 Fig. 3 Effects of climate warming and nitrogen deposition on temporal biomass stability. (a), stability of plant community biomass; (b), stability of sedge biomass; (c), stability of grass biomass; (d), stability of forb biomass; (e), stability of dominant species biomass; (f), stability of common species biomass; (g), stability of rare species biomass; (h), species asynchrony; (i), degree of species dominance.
===============
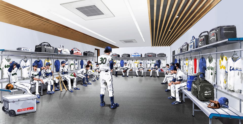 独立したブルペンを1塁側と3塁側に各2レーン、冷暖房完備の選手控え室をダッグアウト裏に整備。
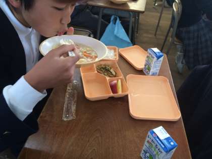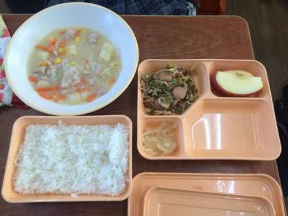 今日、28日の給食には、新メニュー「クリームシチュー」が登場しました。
===============
## GOAL OF THE EXERCISE
Now transcribe the lines above exactly, starting at the line containing "独立したブルペンを1塁側と3" and ending at the line containing "今日、28日の給食には、新メニュー「クリームシチュー」が登場しました。", both lines included, pictures excluded.

## TASK OUTPUT
 独立したブルペンを1塁側と3塁側に各2レーン、冷暖房完備の選手控え室をダッグアウト裏に整備。
 今日、28日の給食には、新メニュー「クリームシチュー」が登場しました。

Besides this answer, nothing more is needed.